Two independent signaling pathways mediate the antiapoptotic action of macrophage-stimulating protein on epithelial cells

Abstract

In addition to its effects on macrophage function, macrophage-stimulating protein (MSP) is a growth and motility factor for epithelial cells. The growth and survival of epithelial cells generally require two signals, one generated by interaction with extracellular matrix via integrins, the other initiated by a growth factor. Therefore we investigated the effect of MSP on epithelial cell survival. Survival of epithelial cells cultured overnight in serum-free medium was promoted by adhesion, which activated both the phosphatidylinositol 3'-kinase (PI3-K)/AKT and mitogen-activated protein kinase (MAPK) pathways, operating independently of one another.
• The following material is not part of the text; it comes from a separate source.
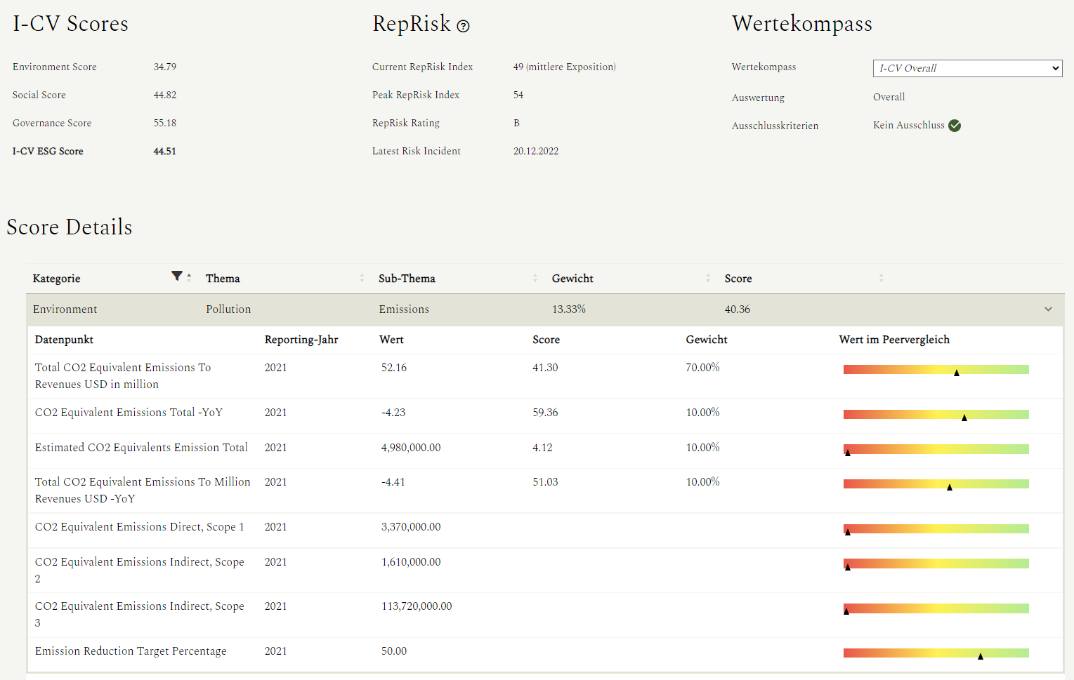Market-oriented and forward-looking solution; The guided, IT-supported process facilitates risk assessment and enables a 360-degree perspective across all asset classes regarding material ESG risks as well as their developments. The combined expertise of I-CV in collaboration with RepRisk serves investors as a unique reality check (companies’ promises vs. behavior in practice).
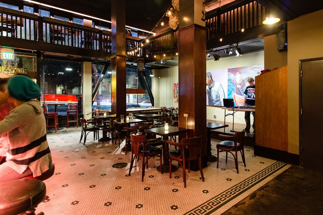 Our upstairs mezzanine provides a welcoming escape for private conversations, and a wrap-around bar with full-window views of the bustling streets provide the setting for crowds of all ages and walks of life. From partnering with local pop-up kitchens to a rotating monthly art show exhibiting original work by local artists on the walls, the space embodies the voice of the creative spirit of our unique patrons, and will provide a wonderfully unique setting for your upcoming event. Let's talk about your party.

The number of apoptotic cells resulting from inhibition of either pathway alone was approximately doubled by simultaneous inhibition of both pathways. This shows that each pathway made a partial contribution to the prevention of apoptosis. In the presence of an inhibitor of either pathway, MSP increased the activity of the other pathway so that the single uninhibited pathway alone was sufficient to prevent apoptosis. In contrast to the results with adherent cells, although MSP also prevented apoptosis of cells in suspension (anoikis), its effect was mediated only by the PI3-K/AKT pathway. Despite activation of MAPK by MSP, anoikis was not prevented in suspended cells with a blocked PI3-K/AKT pathway. Thus, activation of MAPK alone is not sufficient to mediate MSP antiapoptotic effects. Cell adhesion generates an additional signal, which is essential for MSP to use MAPK in an antiapoptotic pathway. This may involve translocation of MSP-activated MAPK from the cytoplasm into the nucleus, which occurs only in adherent cells. Our results suggest that there is cross talk between cell matrix adhesion and growth factors in the regulation of cell survival via the MAPK pathway. Growth factors induce MAPK activation, and adhesion mediates MAPK translocation from the cytoplasm into the nucleus.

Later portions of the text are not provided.